Religion
- Affiliation: Hinduism
- District: Eluru
- Deity: Veerabhadra Swamy (Shiva)

Location
- Location: Pattiseema
- State: Andhra Pradesh
- Country: India
- Interactive map of Veerabhadra Temple
- Coordinates: 17°13′01″N 81°38′46″E﻿ / ﻿17.217°N 81.646°E

Architecture
- Type: Chalukyan Architecture

= Veerabhadra Temple, Pattiseema =

Veerabhadra Temple is located on Devakuta Parvatham, a hillock on an islet amidst the Godavari River near Pattiseema in Eluru district, Andhra Pradesh. The temple is dedicated to Shiva and the namesake is Veerabhadra.

The temple is one of the 'pancha Kasi kshetras' (five important peaceful places) mentioned in the Skaanda puranam, a collection of Hindu religious texts.

== Deities ==
Main deities in this temple are Lord Veera Bhadra Swamy and Goddess Bhadra Kali. Lord Shiva is Self manifested as Veerabhadreswara swamy. Goddess Sathi as goddess Bhadra Kali. According to temple's history Gouthama Buddha did Dhyanam here.

== History ==
This temple is also called as Pattisam Veerabhadra temple.

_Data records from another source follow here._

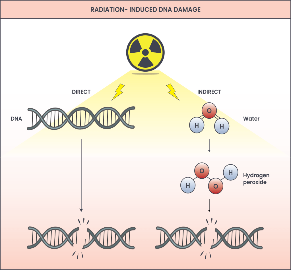 Figure 2. How radiation causes DNA damage. Radiation directly breaks DNA by adding high amounts of energy, and breaking bonds between atoms. Double-stranded DNA breaks are depicted here, however radiation causes many types of damage, including single-stranded DNA breaks and others. Indirect damage to DNA is caused by toxic chemicals produced when radiation strikes water inside of cells, generating reactive oxygen species (ROS). Hydrogen peroxide is depicted here, but others are also made. ROS can cause multiple types of DNA damage.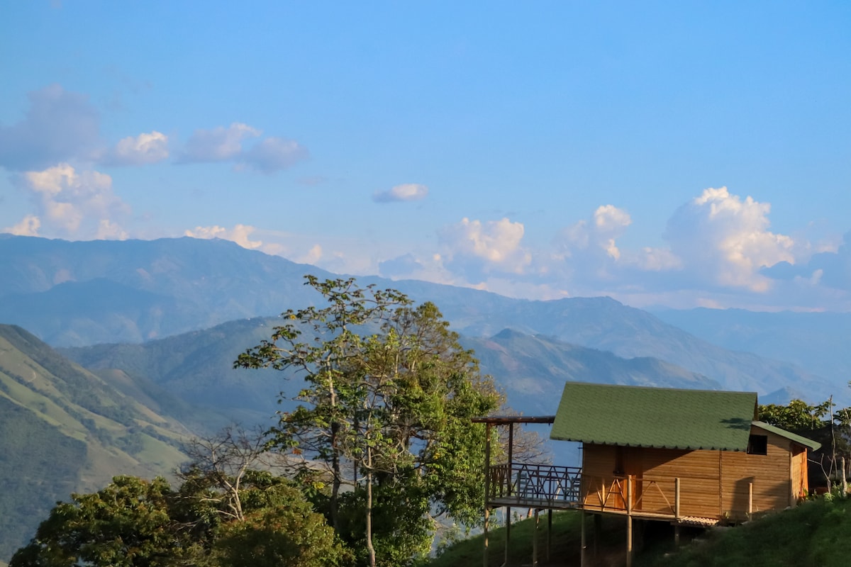 Fáilte go El Indio Ecolodge, tearmann uathúil suaimhneach sa Veinéis, Antioquia, díreach 50 nóiméad ó chathair Medellín! Samhlaigh cábán gleoite adhmaid le radhairc thar na bearta ar bholcán codlata, an CERRO BRAVO maorga. Tugann an ósais chúlráideach seo atá timpeallaithe ag áilleacht nádúrtha saoire dhodhearmadta duit, atá suite go straitéiseach idir an Veinéis agus Fredonia, díreach 15 nóiméad ón dá bhaile.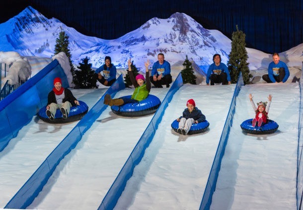 Children and adults can enjoy the wintery landscape of this fantastical snowy world by gliding downhill on six snow-tubing slides.

After few years Dakshaprajapati did Yagna inviting all Gods and goddess. But he did not invite Lord Shiva and her daughter goddess Sati Devi. After asking permission goddess went to his father's Yagna. But his father insulted her and Lord Shiva. Due to this goddess fired her self at Yagna. Due to this Lord Shiva got angry and from his Jatajutam (hair)plucked lock of hair and thrown to ground, from that born Veerabhadra swamy (incarnation lord Shiva) & Bhadrakali.

Then Veerabhadra swamy cut the head king Daksha with Pattisa (warriors instrument). After killing him the rage of lore is very high. And danced Rudra Thandavam on Devakuta Parvatha. After considering all gods request and specially Sage Agasthya embraced him with his hands to cool and make him to calm down. Finally asked to settle here in the form of Shiva Linga(self- manifested) on this hillock as mentioned in SKANDA PURANAM. We can see hand prints on Shiva Lingam on square panel.

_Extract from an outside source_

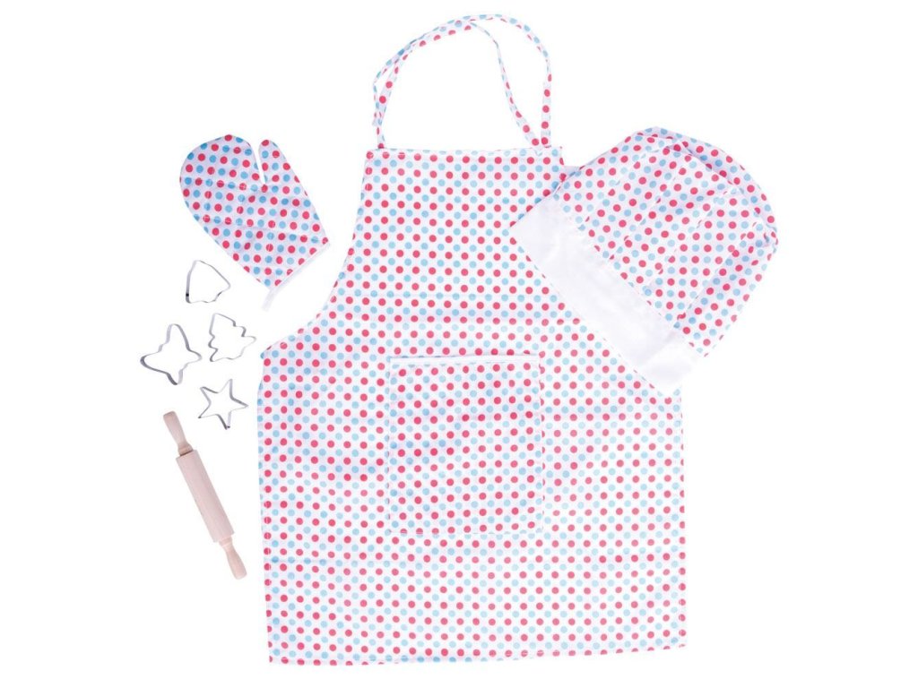 Mladí kuchaři budou milovat tuto světlou puntikovanou bavlněnou sadu k pečení nebo vaření, která obsahuje zástěru, chňapku, kuchařskou čepici, váleček a vykrajovátka. Ideální pro použití v asistovaném vaření nebo pečení, nebo pro použití v našem dřevěném kuchyňském sortimentu, jako součást hracích rolí, které si vaše dítě jistě rádo ztvární. Hlavní vlastnosti: čepice: zapínání na suchý zips, obvod cca 47-51 cmrukavice - délka 17 cmzástěrka - délka: bez šňůrek 56 cm + šňůrky 29cm, šířka 46 cm + každá šňůrka 42 cm

Veerabhadra swamy cleaned his pattisam in this river Godavari. From then this places is called as Pattisam or Pattisachala kshetram.

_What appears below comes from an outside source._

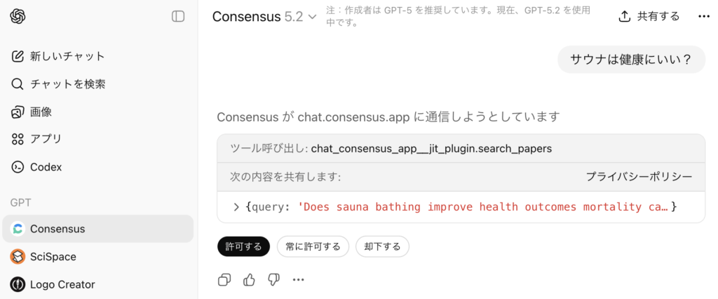 このように、ChatGPTがConsensusにアクセスし、「このクエリで検索しますよ」と赤字で教えてくれるので、「許可する」ボタンを押します。

Temple construction -As per Mythology temple constructed by Vishwa Karma.

According to history temple belongs to 12th century, constructed by Reddy kings.

=== Sub shrines ===

Kshetra palaka of temple is Bhavannarayana swamy. The main sub shrine is Lakshmi sahitha sri Bhavannaraya swamy one of Five Bhavannarayana swamy temples of India located in Andhra pradesh.

Sita Ramabhadra swamy temple, Kala Bhaivarava temple, subrahmanya swamy, goddess Saraswati, lakshmi Ganapathi, Suryanarayana swamy& sri thandava Veerabhadra swamy.

== Transport ==
Pattiseema temple is 40 km from Rajahmundry which has nearest airport and railway station. From there can travel through bus or car. After reaching Pattiseema village only means of transport is boat or launch to reach temple. Area surrounded by Papi hills.

== Other features ==

There is a big Hanuman statue at Pattiseema boating point.

Near to this Devakuta hillock there is a hill called Elephant hill (Aanugu shila) where god Sri Maha Vishnu gave salvation to Elephant mentioned in Gajendra moksham.